Before anyone would have believed that there could be a court in the United States of America that was closed to everyone but prosecutors, there was a need to keep certain things from prying eyes. There was a file kept in the clerk’s office at the old federal courthouse in the Southern District of New York, that held search warrant applications that had yet to produce arrests and indictments. You see, every paper signed by a judge has to be kept somewhere.
Not too many people knew about this file. It had a name and number, and could be requested from the clerks. And in it were secrets. Hard to find secrets, but secrets, there, in a file, for all the world to see if they knew the secret name and number. Then came FISC, the Foreign Intelligence Surveillance Court. Even though it violated every precept of what a court was supposed to be since the Spanish Inquisition, it somehow didn’t bother us too much.

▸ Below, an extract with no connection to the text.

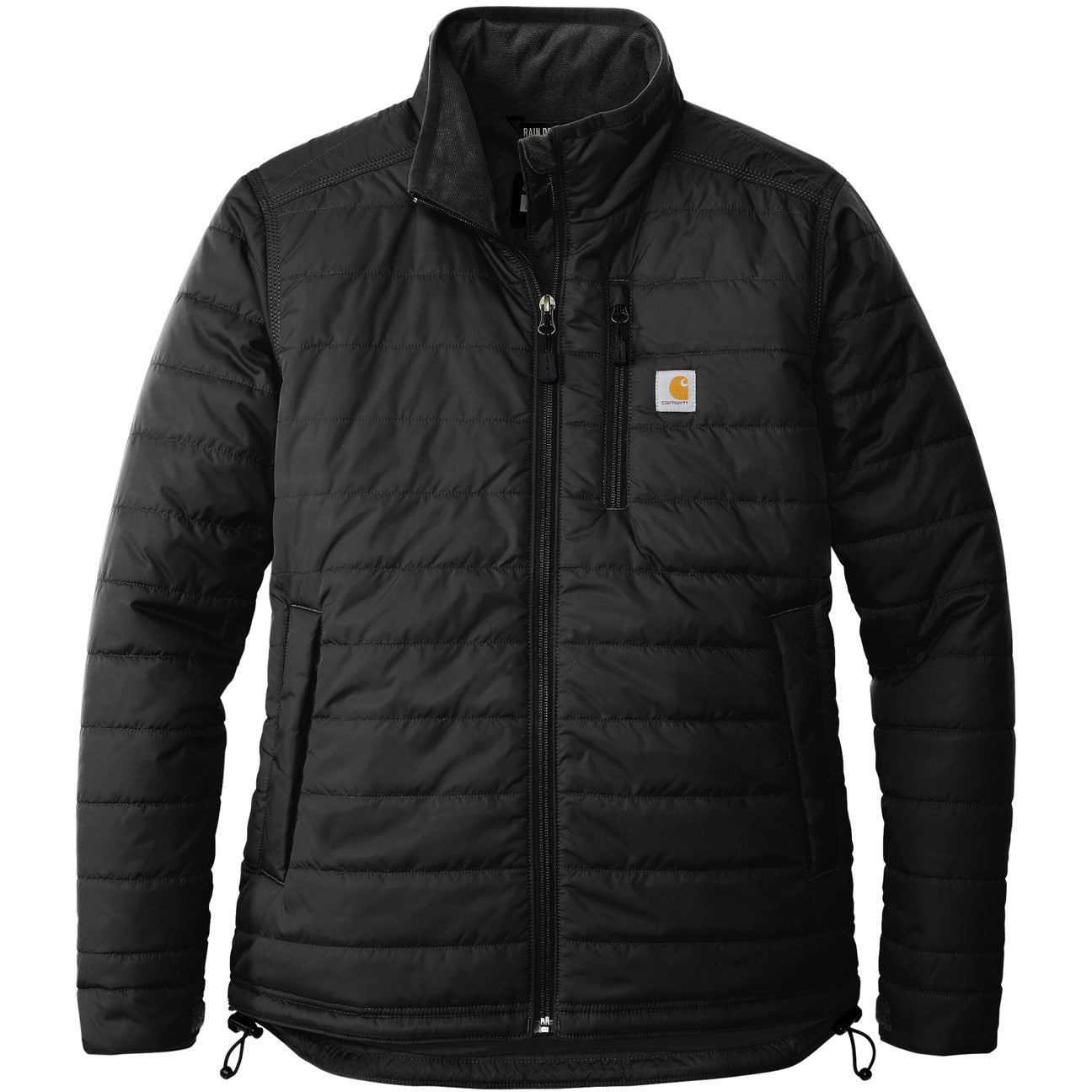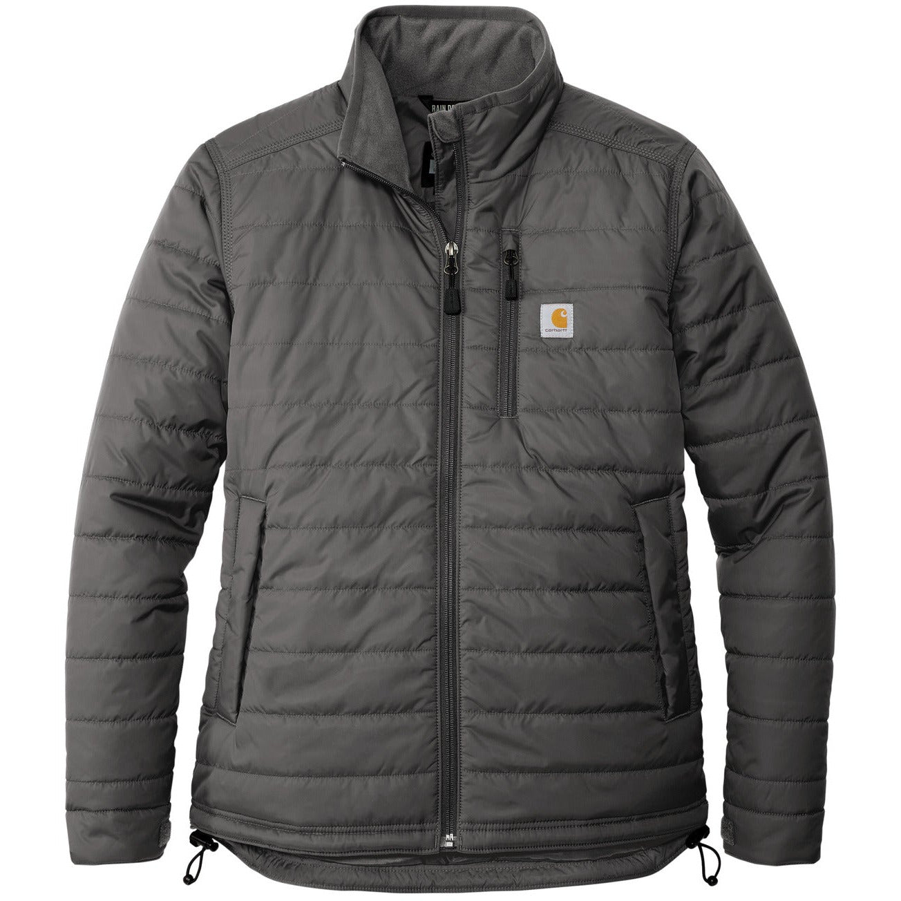 Keep working through cold, wet weather in this women's version of our popular Gilliam Jacket. 1.75-ounce, 100% nylon Cordura shell Rain Defender durable water repellent Wind Fighter technology tames wind Nylon lining quilted to 100-gram, 100% polyester insulation for warmth Reverse coil center front zipper Zip-through collar Left chest map pocket with reverse coil zipper Two hand pockets with hidden snap closures Two interior pockets: one zippered, one hook and loop closure Hook and loop adjustable cuffs Drawcord adjustable drop tail hem Carhartt-strong, triple-stitched main seams Carhartt label sewn on chest pocket Relaxed fit

In 1978, Congress created the first secret court in our history — the Foreign Intelligence Surveillance Act (FISA) court. Staffed by Article III judges borrowed from federal district courts, this specialized tribunal issues surveillance warrants for foreign intelligence purposes. Understandably, given its mission, FISA court proceedings are ex parte and mostly secret, although the Snowden revelations in 2013 forced a partial lifting of the veil.
That’s not entirely correct, as criminal defense lawyers became aware of FISC long before, and raised holy hell about it, to which an appreciative nation went “meh.” Of course, there was no internet back then, and the media wasn’t interested because everyone understood that the Constitution wasn’t “a suicide pact,” and we had to fight the commies lest we be forced to drink bad vodka. Our American fetish with law happening in a room where evil eyes could watch was obviously idiotic, and so a nation weaned on grossly sexist spy movies understood the need for secrecy.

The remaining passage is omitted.